И новое пугающее слово, точно черным крылом, опахнуло дом.

Холера… Тощая, длинноносая, безобразная старуха в грязных захлюстанных лохмотьях, какую я видел среди бродяг однажды на хуторе, — так рисовалась мне эта страшная гостья. Вскоре до Адабашева стали доходить слухи: холера косит людей по придонским станицам и окрестным тавричанским слободам и хуторам. На наше и без того тревожное житье надвинулась новая грозовая тень…

Весь июль и август отец ходил по селам в поисках жилья, попутно спрашивая, нет ли должности садовника. Пришел он и в хутор Синявский. Тогда пришлым, намеревавшимся жить в станицах и хуторах иногородним, полагалось прежде всего явиться к атаману.

— Хочу жить в вашем хуторе, — заявил отец, когда казак-сиделец пропустил его в атаманский кабинет.

— В собственном доме или как? — спросил атаман, чернявый пожилой, но все еще бравый казак.

— На собственность нет средств, хочу на квартеру.

— У кого нанимаешь?

— Пока не подыскал.

— Имущество имеешь?

— Только пасека — сорок ульев.

— Живи. Только на землю не зарься. Своих иногородних много, будем прижимать, — откровенно заявил атаман.

— А ежели на огород, чтоб картошки, капустки посадить… Али, допустим, бахчу… Мне немного — сажени три-четыре…

— Никаких. Только в леваде при дворе, где будешь жить. По согласию с казаком. А ежели в работники — то и на эту не разевай рот. Много тут вас таких ходит. Наша земля обчественная, казачья…
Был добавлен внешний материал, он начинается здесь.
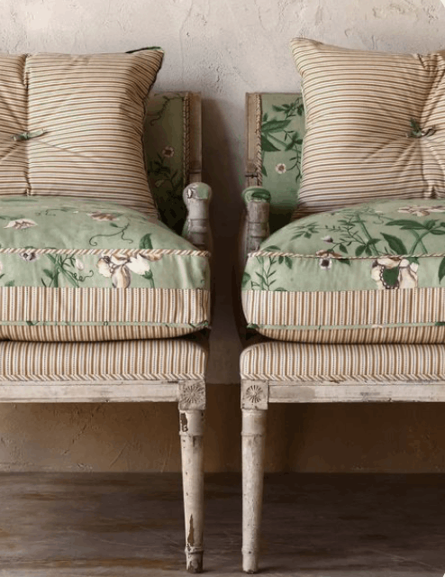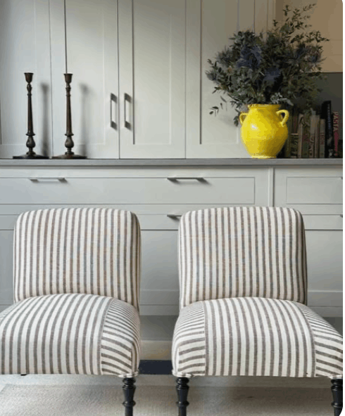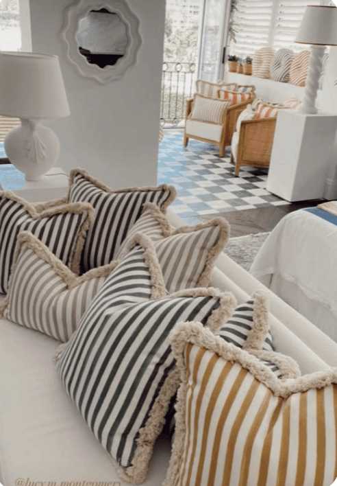 En espacios exteriores o zonas de paso, las rayas funcionan especialmente bien. Unas tumbonas con rayas clásicas en beige y blanco, unos cojines para tus sillas de exterior…… es esa vibra mediterránea que nunca falla.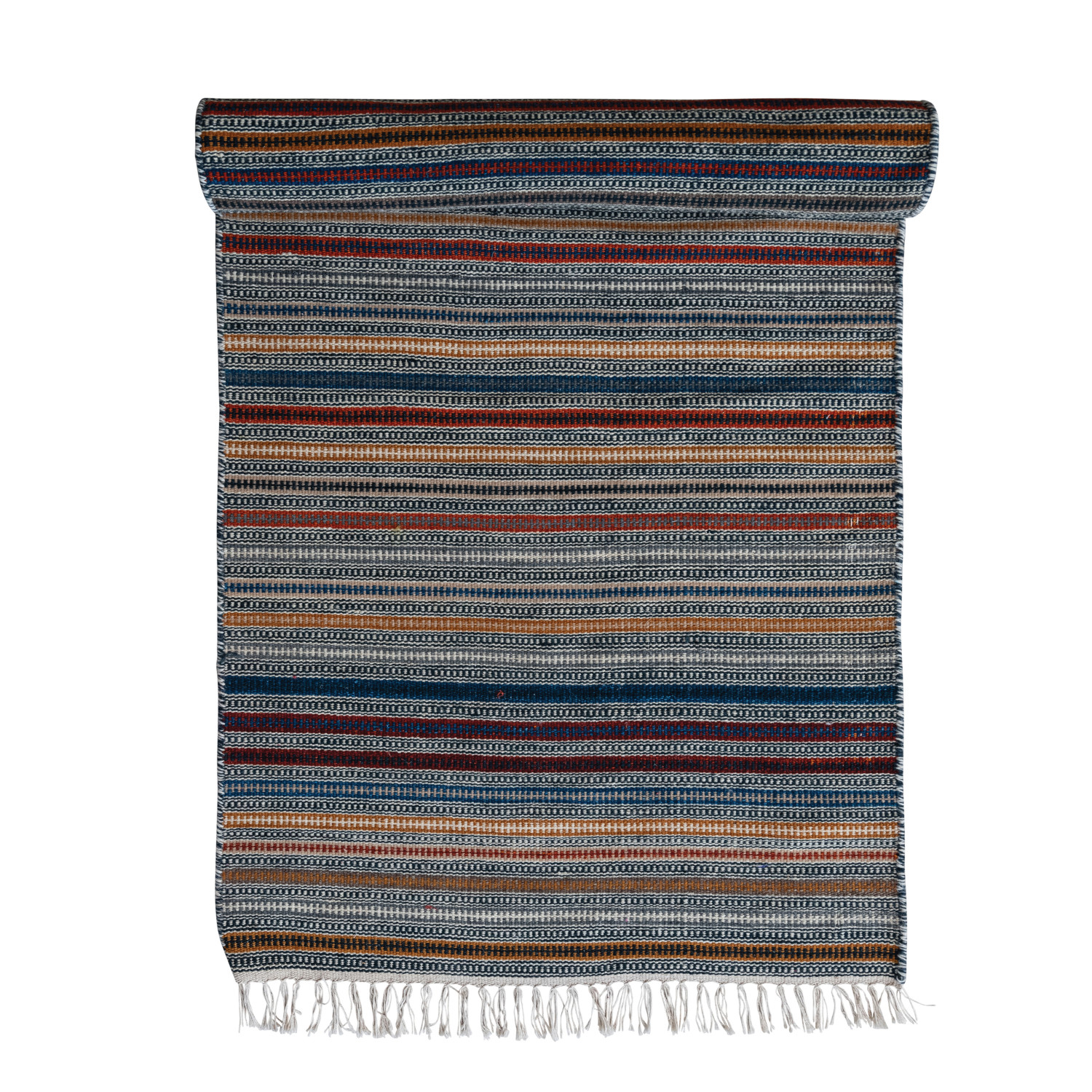 Catalog Name: 2-1/2' x 8' Woven Wool Striped Floor Runner w/ Fringe, Multi Color

— Стал быть, не даете земли? — спросил отец.

Атаман удивленно повел черной лохматой бровью.

— Ты чего пристал? Откуда такой взялся?

— А ежли я куплю… хозяйство… Аль заарендую землю, — больше из любопытства, нежели сообразуясь с действительным намерением, закинул удочку отец.

Атаман помягчел:

— Это можно. В аренду паи сдаем… А откель ты будешь?





— А тут из хутора, садовник…

— А-а… вон что… Тогда сад мне оправишь. На той стороне… За речкой…

— Это можно. До свидания, — поклонился отец и вышел из хуторского правления, решив обосноваться в Синявке — благо хутор большой, богатых хозяев много, есть сады и пасеки, да и железная дорога под боком; в случае нужды, всегда на ремонте пути можно заработать…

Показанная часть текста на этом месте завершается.